Avec cette décision, le parquet d’Udine (Nord-Est) fait glisser le curseur des interrogations d’une affaire de dopage d’apparence classique vers celui d’un fait divers rappelant les descentes de police sur le Tour de France cycliste.
Il ne s’agit plus de savoir si les athlètes se sont dopés – Powell et Simpson ont reconnu avoir été contrôlés positifs –, mais de comprendre comment cela a pu arriver.
Dans cette optique, le parquet d’Udine a donné son feu vert à la mise sous séquestre d’une cinquantaine de boîtes de comprimés, de flacons, de sprays et pommades sans étiquettes ou avec des indications nébuleuses en anglais.
Ces boîtes ont été découvertes lors d’une perquisition des carabiniers de la cellule spécialisée du NAS d’Udine dans la nuit de dimanche à lundi dans les chambres d’hôtel de Powell, Simpson et de leur préparateur Christopher Xuereb.
Comme chaque année, le MVP, la structure d’entraînement coachée par Stephen Francis, était descendu dans un hôtel de Lignano Sabbiadoro qui lui sert de camp de base durant la saison européenne des meetings d’athlétisme.

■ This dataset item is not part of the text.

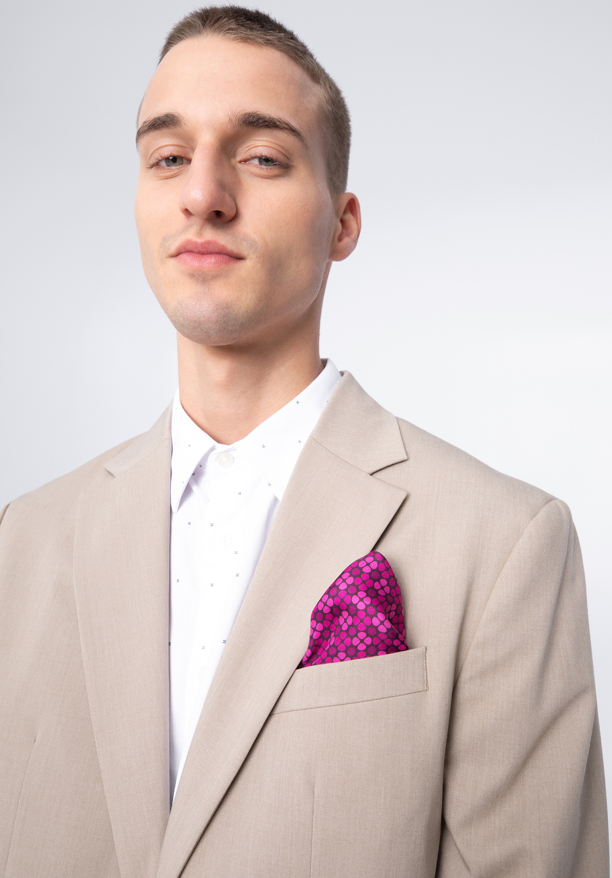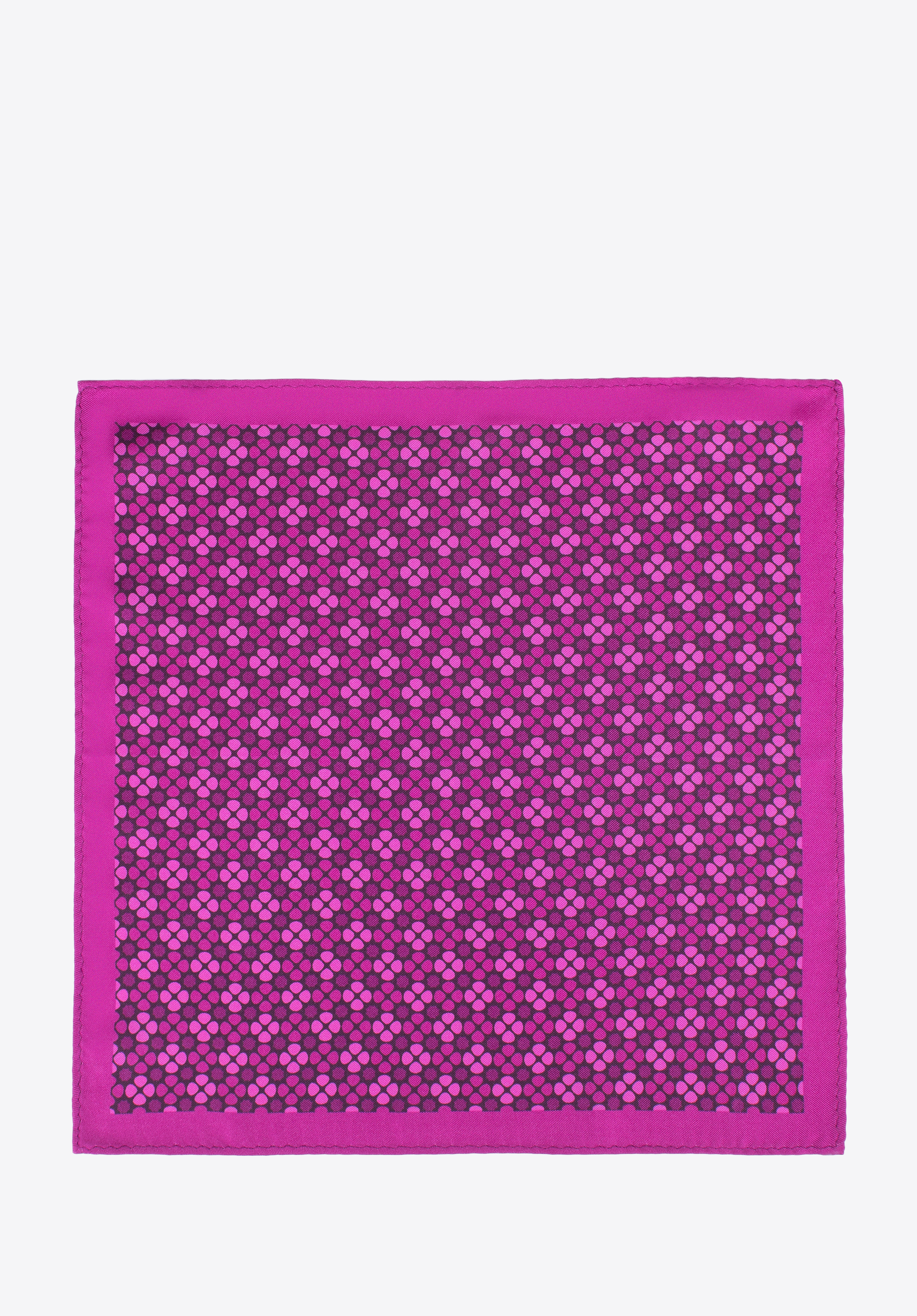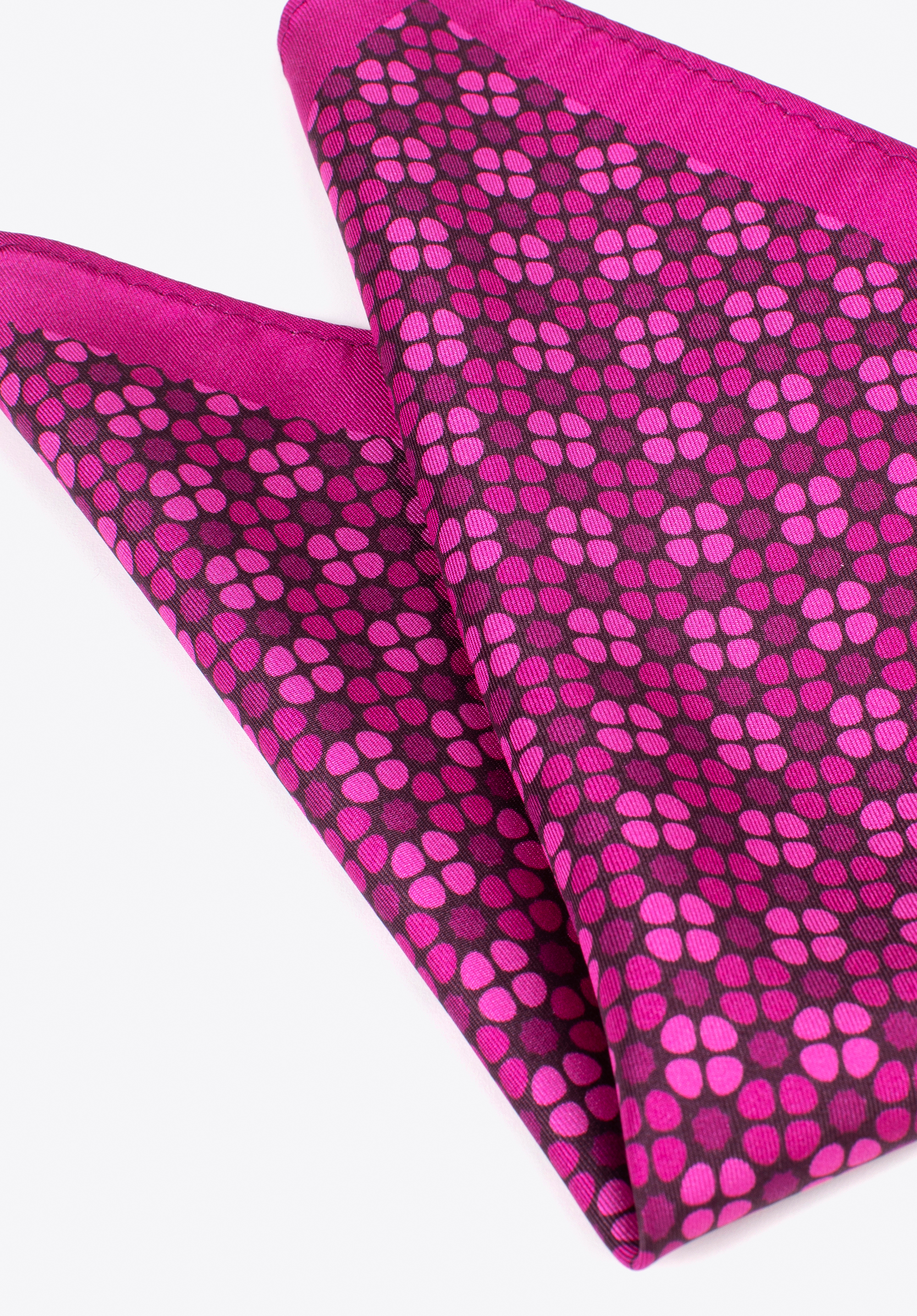 Hedvábný kapesníček bude doplňkem každého elegantního muže. Je vyroben z kvalitního hedvábí s jemným leskem, který je velmi příjemný na dotek. Vzor zpestří hladké sako a dodá mu charakter. Vzorovaný hedvábný kapesníček bude se hodit při mnoha příležitostech, proto vyplatí se ho mít ve svém šatníku.

Guéguerre entre l’agent et l’entraîneur
Powell et Simpson – contrôlés positifs à un stimulant tout comme trois autres athlètes aux sélections jamaïcaines – incriminent des compléments alimentaires mal étiquetés que leur aurait donnés Christopher Xuereb, leur nouveau « physio » depuis quelques semaines. S’ils arrivent à le prouver, ils risqueront peu de choses en termes de sanction sportive.

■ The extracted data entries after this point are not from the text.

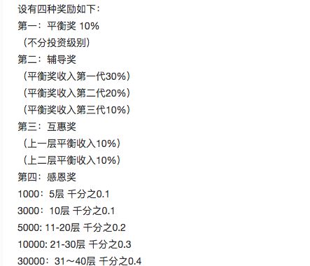 根据瑞波联储成员在网上公开发布的销售信息,每个人都可以发展下线,因此得到提成。具体层级收益可分为四种:平衡奖(10%),辅导奖(三代共 60%),互惠奖(二代共 20%),感恩奖(5—40 层千分之 0.1 到 0.4 不等)。
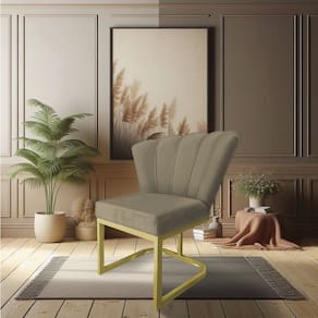 A Cadeira Poltrona Flor em veludo é uma peça que une estilo e conforto de maneira única. Seu revestimento em veludo proporciona um toque suave e elegante, enquanto a Base Metálica confere um charme adicional ao design da poltrona.
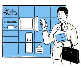 お受け取り期限内に指定したアクアポストへ行き、お受け取りパスワードを入力、またはQRコードを読み取り機にかざすとBOXが開錠します。ボトルをお受け取りく
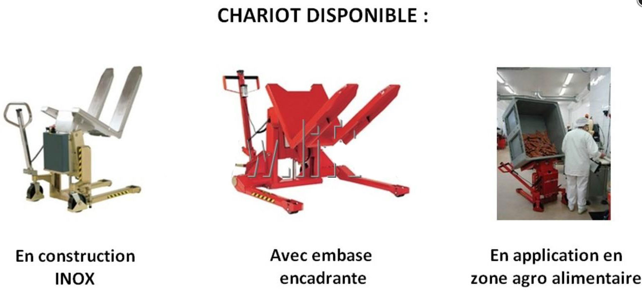 L’embase du chariot peut être standard, mais également encadrant pour palettes fermées.
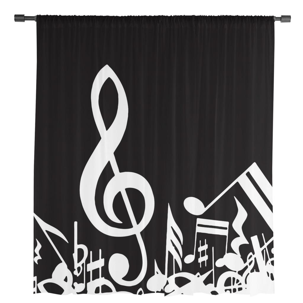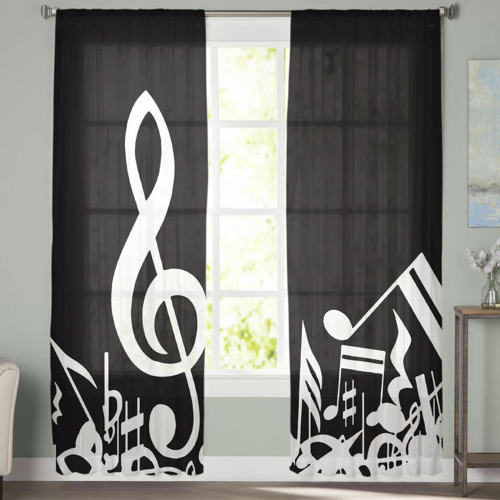 Музыкальная нота, черно-белые прозрачные шторы для гостиной, вуаль, занавеска для спальни, ванной комнаты, тюлевые шторы, оконные шторы

Le code mondial antidopage prévoit en effet la possibilité d’alléger la sanction en cas de contrôle positif dû à une erreur d’étiquetage, à une contamination par des compléments alimentaires ou une substance administrée par son entraîneur sans qu’il en ait été informé.
Selon la nature des produits retrouvés dans leurs chambres, ils pourraient en revanche tomber sous le coup de la législation italienne à travers l’article 9 de la loi sur le dopage, qui punit à la fois ceux qui administrent des substances dopantes et ceux qui en prennent.
Ce n’est, par exemple, pas le cas en France, où la justice ne peut condamner pénalement que le trafic de substances, non leur usage.
L’entraîneur de Powell, Stephen Francis, a rejeté la responsabilité de cette histoire sur l’agent de Powell, Paul Doyle, coupable d’avoir fait travailler ses athlètes avec Xuereb.
Boîtes analysées
« Ce qui s’est produit est lié à l’agent d’Asafa Powell. C’est lui qui a voulu que cet entraîneur (Xuereb) soit parmi nous (...). J’ai dit “non, je ne veux pas de ce garçon dans mon groupe. Il a une mauvaise réputation, renvoyez-le !” » explique Stephen Francis à La Gazetta dello Sport.
Le quotidien sportif italien évoque hier des liens entre Xuereb et le Canadien Anthony Galea, un médecin du sport qui avait plaidé coupable d’importation de produits médicaux interdits aux États-Unis l’an passé et qui aurait fourni des hormones de croissance à plusieurs sportifs, selon une enquête de la justice canadienne.
Doyle, lui, reconnaît que Powell n’avait pas averti son entraîneur qu’il prenait ces compléments alimentaires.
« Il est évident qu’il n’y a pas d’autres raisons qui expliquent pourquoi il est positif en dehors de la prise de ces compléments », a assuré l’agent au quotidien britannique The Daily Telegraph.
Doyle précise que les athlètes pris en faute et lui-même ne pensent pas que le préparateur était mal intentionné, mais plutôt qu’il ne savait pas lui-même ce que contenaient exactement ces compléments.
Seuls les résultats des analyses pratiquées sur les boîtes mises sous séquestre permettront d’avoir le fin mot de l’histoire.
En attendant, Powell et les autres athlètes ont quitté hier matin Lignano Sabbiadoro, dont Christopher Xuereb était parti dès lundi soir, selon l’agence italienne ANSA.